Robert Ferris (first-year doctoral student working with Professor Stefan Zauscher) recently qualified and completed the Ironman World Championships in Kona, HI. He completed the race in 9:48:32, after qualifying only 2 months prior at Subaru Ironman Canada. Though he is looking forward to Ironman Wisconsin in Sept. 2009, he is currently enjoying the break.

Brian Mann (Professor of Mechanical Engineering and Materials Science) was awarded an Office of Naval Research (ONR) Young Investigator Award to study energy harvesting in the ocean.

Krista Michalis (third-year doctoral student) won the Student Paper and Presentation Competition at the NoiseCon & ASME Noise Control and Acoustics Division joint conference in Dearborn, Michigan, July 2008.

Neurobiology

Dr. Michael D. Ehlers, (Associate Professor of Neurobiology and Investigator, Howard Hughes Medical Institute) received the Life Sciences Achievement Award from the North Carolina Biotechnology Center in 2008. This award is given to a single North Carolina researcher for outstanding breakthrough research in the life sciences.

Nursing

Rebecca Kitzmiller, (Doctoral student and Duke Health Technologies Informatics Fellow) has been named the 2008 Health Systems Nurse of the Year by the North Carolina Nurses Association.

Psychology & Neuroscience

Dr. Terrie E. Moffitt has been awarded the Klaus Grawe Award for the Advancement of Innovative Research in Clinical Psychology and Psychotherapy for her research concerning the interrelation between genetic disposition and environmental factors in the development of problem behavior. The goals of the Klaus Grawe Foundation are to support excellent interdisciplinary and innovative research in clinical psychology and psychotherapy and their connected disciplines in the spirit of Klaus Grawe.
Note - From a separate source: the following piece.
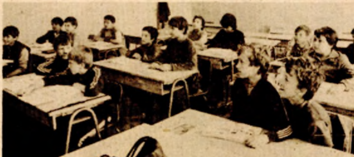
Dok je u prizemlju škole „Kasim Hadžić“ govoreno o „Pedagogu u školi“ u jednoj od učionica su daci V razreda kojima malo teže ide engleski jezik, imali čas produžne nastave

BANJALUKA, 11. juna - Mjesto pedagoga u školi i njegovo široko polje rada, bez dvoumljenja, je prihvaćeno i zakonski je predviđeno. Međutim, ostvarivanje njegove osnovne uloge u unapređenju i osavremenjavanju obrazovnog procesa ne ide baš uvijek lako, uglavnom zbog nedovoljno definisanog položaja ovog radnika u školama. Nerijetko, njihovo znanje i sprema se zanemaruju i ovi stručnjaci se koriste za niz čisto administrativnih poslova. A za podizanje kvaliteta obrazovnog procesa od neprocjenjive je važnosti veća integracija nastavnika i učenika, koja je posebno narušena stva-

Dr. David Rubin was named the Juanita M. Kreps Professor of Psychology & Neuroscience in Trinity College of Arts & Sciences, which is the highest honor Duke awards to its faculty for distinguished professorship by the Board of Trustees, President Richard Brodhead, and Provost Peter Lange.

NRSA awarded fellowships to Maureen Ritchey and Simon Davis (fourth-year doctoral students in cognitive neuroscience).

Statistical Science

Simone Gray (fourth-year doctoral student) received a prestigious Centers for Disease Control (CDC) Public Health Research Dissertation Grant. These awards are highly competitive and are designed to encourage doctoral candidates from a variety of academic disciplines and programs to conduct research in areas of interest to the CDC, especially contributions to the health promotion and disease prevention objectives of the “Healthy People 2010″ initiative.